Many hotels are now bringing in the services of independent restaurant operators. At the Caterer Middle East Conference 2012, experts shared their experience on how to gel two brands together to maximise the joint ventures set to revolutionise hotel F&B
Hotels need to reassess their approach to partnerships with independent restaurants, which have the potential to positively impact both reputation and bottom line, provided the brands are a good fit and that both parties play to the other’s strengths.
This was one of the major issues highlighted by industry figures speaking at the Caterer Middle East Conference 2012: Food and Business, held at Jumeirah Beach Hotel on March 19 and attended by close to 200 executive chefs, F&B directors and restaurant owners.
Both hotels and third-party F&B operators could benefit from joint ventures if the terms are right — Hilton saw a 40% increase in coffee sales overnight when it introduced Costa Coffee branding to its lobbies, revealed Simon Lazarus, senior area director F&B for Hilton Worldwide during a panel on recouping costs amid rising food prices.
At The Monarch Dubai, third party outlet Okku Luxury Japanese restaurant and lounge has steadily increased its influence to drive around 10-12,000 people through the doors of the hotel each month, said its co-founder Markus Thesleff.
“These restaurants are opening up many hoteliers, including the finance people, to see how much money can be made withF&B,” said Walter Hall, COO at RMAL Hospitality.
“I think, in the past, hotels haven’t taken the food and beverage side of things as seriously as they should have.

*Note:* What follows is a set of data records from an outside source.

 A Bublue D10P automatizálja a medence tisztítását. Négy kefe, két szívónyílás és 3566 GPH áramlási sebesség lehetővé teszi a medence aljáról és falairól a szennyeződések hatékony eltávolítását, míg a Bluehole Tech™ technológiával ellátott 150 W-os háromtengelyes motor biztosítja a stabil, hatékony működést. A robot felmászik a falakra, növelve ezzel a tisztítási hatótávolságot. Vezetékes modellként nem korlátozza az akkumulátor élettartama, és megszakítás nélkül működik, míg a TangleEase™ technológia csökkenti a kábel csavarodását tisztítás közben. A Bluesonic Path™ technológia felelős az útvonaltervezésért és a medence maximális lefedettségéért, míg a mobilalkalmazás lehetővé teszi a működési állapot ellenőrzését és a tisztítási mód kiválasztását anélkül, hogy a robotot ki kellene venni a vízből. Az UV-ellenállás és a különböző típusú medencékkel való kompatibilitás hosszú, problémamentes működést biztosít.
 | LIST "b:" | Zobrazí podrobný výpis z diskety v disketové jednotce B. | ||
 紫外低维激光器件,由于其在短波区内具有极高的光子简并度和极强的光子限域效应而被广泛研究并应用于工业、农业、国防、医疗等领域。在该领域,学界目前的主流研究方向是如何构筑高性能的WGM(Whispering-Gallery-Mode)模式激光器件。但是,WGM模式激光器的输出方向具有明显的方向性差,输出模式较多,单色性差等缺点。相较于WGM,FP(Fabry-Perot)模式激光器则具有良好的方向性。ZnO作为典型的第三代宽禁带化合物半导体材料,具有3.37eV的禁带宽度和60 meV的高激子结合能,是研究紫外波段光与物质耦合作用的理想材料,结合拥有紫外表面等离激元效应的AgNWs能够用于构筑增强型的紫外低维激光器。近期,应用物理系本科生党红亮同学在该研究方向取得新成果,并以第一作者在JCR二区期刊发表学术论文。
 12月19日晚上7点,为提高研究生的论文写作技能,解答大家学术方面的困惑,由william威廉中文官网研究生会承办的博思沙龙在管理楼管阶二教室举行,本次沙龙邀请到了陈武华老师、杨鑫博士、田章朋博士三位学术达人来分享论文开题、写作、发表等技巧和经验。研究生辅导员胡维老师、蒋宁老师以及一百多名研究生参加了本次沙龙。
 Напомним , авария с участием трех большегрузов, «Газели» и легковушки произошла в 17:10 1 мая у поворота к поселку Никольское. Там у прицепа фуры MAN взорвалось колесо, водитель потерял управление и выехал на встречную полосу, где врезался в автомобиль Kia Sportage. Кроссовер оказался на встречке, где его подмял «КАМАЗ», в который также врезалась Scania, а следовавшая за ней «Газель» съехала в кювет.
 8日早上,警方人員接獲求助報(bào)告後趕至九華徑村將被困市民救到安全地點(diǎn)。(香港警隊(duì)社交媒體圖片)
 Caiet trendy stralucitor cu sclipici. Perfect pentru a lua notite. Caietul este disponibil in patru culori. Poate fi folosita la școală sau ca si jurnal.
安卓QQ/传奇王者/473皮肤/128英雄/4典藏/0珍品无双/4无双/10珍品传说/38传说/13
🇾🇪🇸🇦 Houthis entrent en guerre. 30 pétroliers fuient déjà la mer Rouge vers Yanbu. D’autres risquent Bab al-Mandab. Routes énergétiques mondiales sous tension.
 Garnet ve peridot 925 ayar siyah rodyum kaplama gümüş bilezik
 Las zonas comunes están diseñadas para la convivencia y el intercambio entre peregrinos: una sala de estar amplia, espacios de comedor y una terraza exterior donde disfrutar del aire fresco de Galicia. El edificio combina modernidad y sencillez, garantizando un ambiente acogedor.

Primarily, this has been because they have focussed on the rooms and the concept of food and beverage has been the shop window in which to sell their rooms.”
Naim Maddad, hospitality specialist at Ròya International, agreed that hotels are looking more closely at their F&B. “There are a lot of operations, particularly in mature markets, where they’ve said ‘We’re hoteliers, we can run rooms, fill the house, manage the books. We can’t cook!’ So they get the professionals in. I don’t think we’re far away from that in the local market”.
However, independent restaurants should be wary of some hotel operators, the panellists said, as many are seeing the opportunity to make a quick buck at their expense. While outlet spaces should be viewed as real estate, Hall said “a lot of people, when they are leasing places, tend to get a bit greedy on the per square metre rent. The ones that are most successful are the ones who will put a fair per square metre rent and then a revenue offset.”
Thesleff agreed, saying many hotels have approached him with a “ridiculous” base rate, as well as the revenue offset. He added that while a 10% revenue offset on food and drink is average, some have tried to push this up to 18%.
“You look at the guys who are already in that place and they’re not making money. If you have a base rate that is real and a kicker on top, and if the food works out, you have a good operator and PR, it’ll help drive traffic and you could be there for five, 10, 15 years.”
One key to the success of an independent outlet is the length of the lease, which is a good indication as to whether the hotel operator is committed for the long-run.
Thesleff said that even though many GMs and asset managers have told him he will “make his money back in a year,” he “won’t even have a conversation” about a lease shorter than five years with the option of another five.
He said asset managers spread the costs and skew the numbers by not accounting for enough staff. Hall agreed, saying the owners should help make the venture a success before taking a cut.